A couple of the press notices for the screamingly funny Book of Mormon have primly suggested that it is a childish, or at best an undergraduate effort. These are the same sort of people who like to say that pornography is boring, Los Angeles is ‘fake’ and Woody Allen isn’t the least bit funny (but they liked his early work). Mind you, it’s always impressive to say you like someone’s early work because it implies a comprehensive knowledge of their oeuvre. As a matter of fact, I prefer my own early work, and it is a sign of my maturity and self-knowledge that I believe it to be my best, having gone slowly off over the last 50 years.
It’s April, and it must be 25 years since that 20 April when I stayed at a hotel in Hamburg and asked the concierge why the restaurant had been closed to guests. ‘Private party’ was all I got, as I stood in the lobby and watched a sedate throng of elderly, distinguished-looking people in vicuna and Persian lamb filing into the chamber where I had hoped to enjoy lunch.
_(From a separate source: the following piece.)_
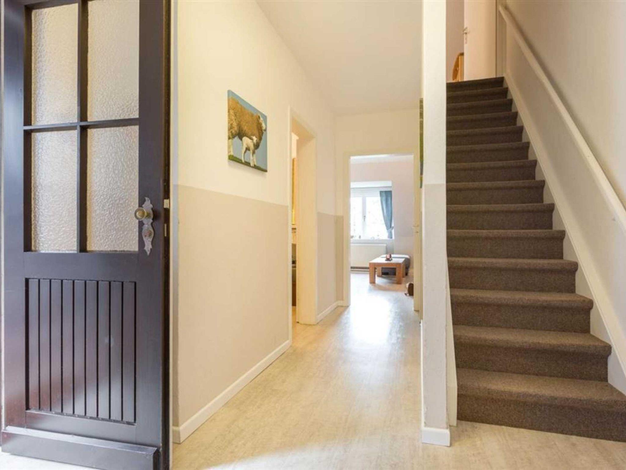 Flur mit Spiegel, Garderobe und Schuhablage im Eingangsbereich. Abstellraum mit Staubsauger, Gartenmöbeln und kostenlosem Kinderreisebett.

Only when I told my German friends Wolf and Eva about it that evening did they laugh and explain: ‘Don’t you know what day it is? Hitler’s birthday of course!’
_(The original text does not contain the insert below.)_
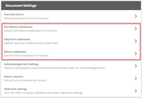 You can set up default or partner-specific remittance, ship from and return addresses. For more information, see Document Settings.

Under a false name, I have often tried to submit my own stuff to Pseud’s Corner in Private Eye but, surprisingly, with no success. The following ought to do the trick. Not seldom I ruminate upon missed opportunities, many of which have occurred in bars, parked cars, bookshops and salerooms. Although I do not think of myself as a ‘snowdropper’ (an Australian term for a man who habitually steals women’s underwear from clothes-lines), I once bought a pair of beautiful lace-trimmed knickers at Sotheby’s which had belonged to Heather Firbank, the sister of Ronald Firbank, a writer whose works I collect. I remember the author Patrick White examined Heather’s lingerie with more than a keen interest. However, my biggest disappointment was many years ago when, at an auction in Paris, I shirked the opportunity to acquire, for an extravagant price, the eau de nil panties of Mata Hari, which had been deaccessioned by the Musée de la Préfecture de Police after her execution.
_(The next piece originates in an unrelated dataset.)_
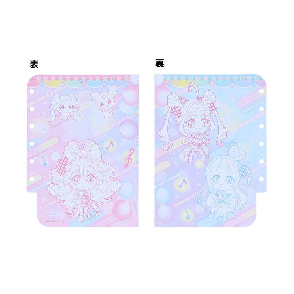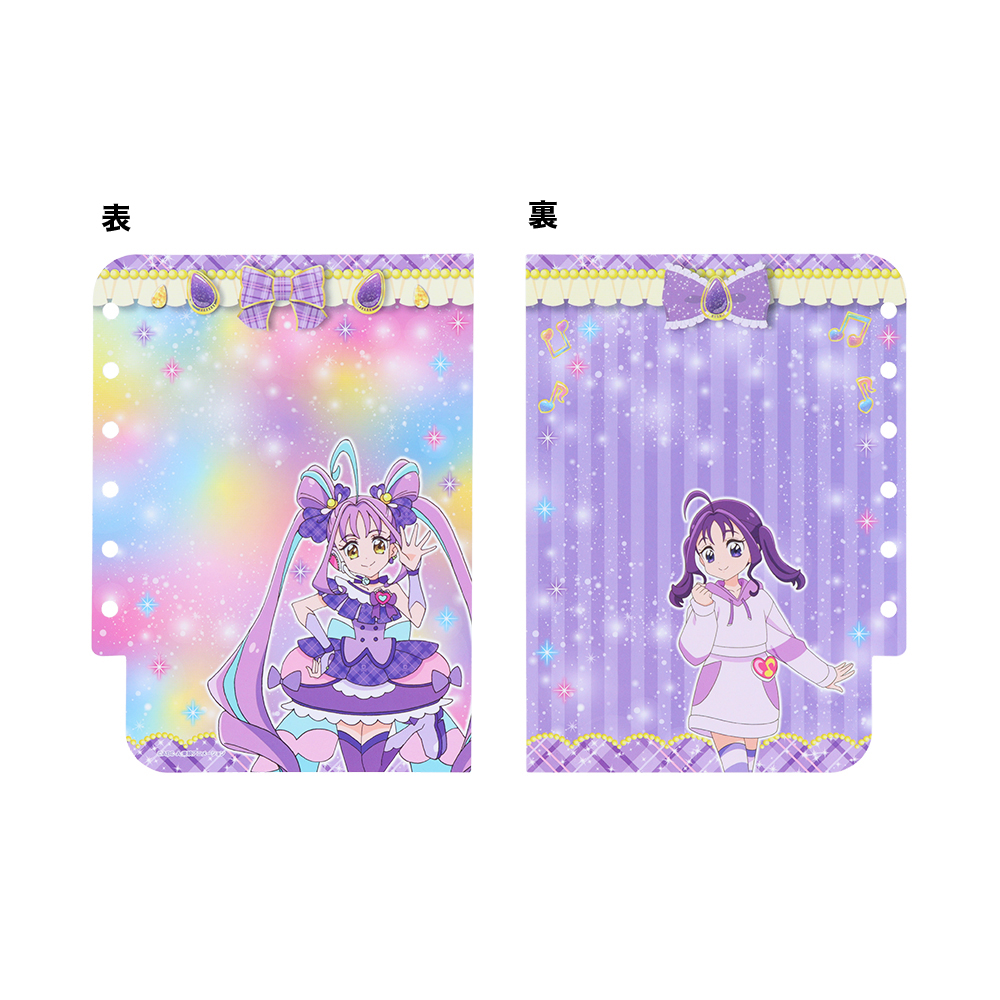 オモテにアイドルプリキュア、ウラ面に「プルリン」と「メロロン」をプリントしたバインダー本体に

On the way to a film location in far east London, I was dismayed to discover that my driver, a cockney and no longer young, didn’t know that Limehouse had been a Chinese enclave. However, in what is still a post-Blitz wasteland, I discovered in west Stratford the remarkable Cathedral of Sewage, the grandiose Abbey Mills pumping station, a cruciform folly which is a mixture of French gothic, Byzantine, Moorish, Russian Orthodox, Venetian, Flemish and Celtic styles built between 1865 and 1868. If only the men who had so swiftly built this wonder of the East End could have survived to speed up the construction of the Crossrail link.
Last night at a big shindig at Australia House promoting my favourite Australian city, Adelaide, a young journalist (intern?) claiming to work for the Daily Mail asked me if I had ever been to Australia. ‘Is the Pope a Catholic?’ I replied, to her mystification. ‘I thought he was Argentinian,’ responded the sheila as quick as a flash.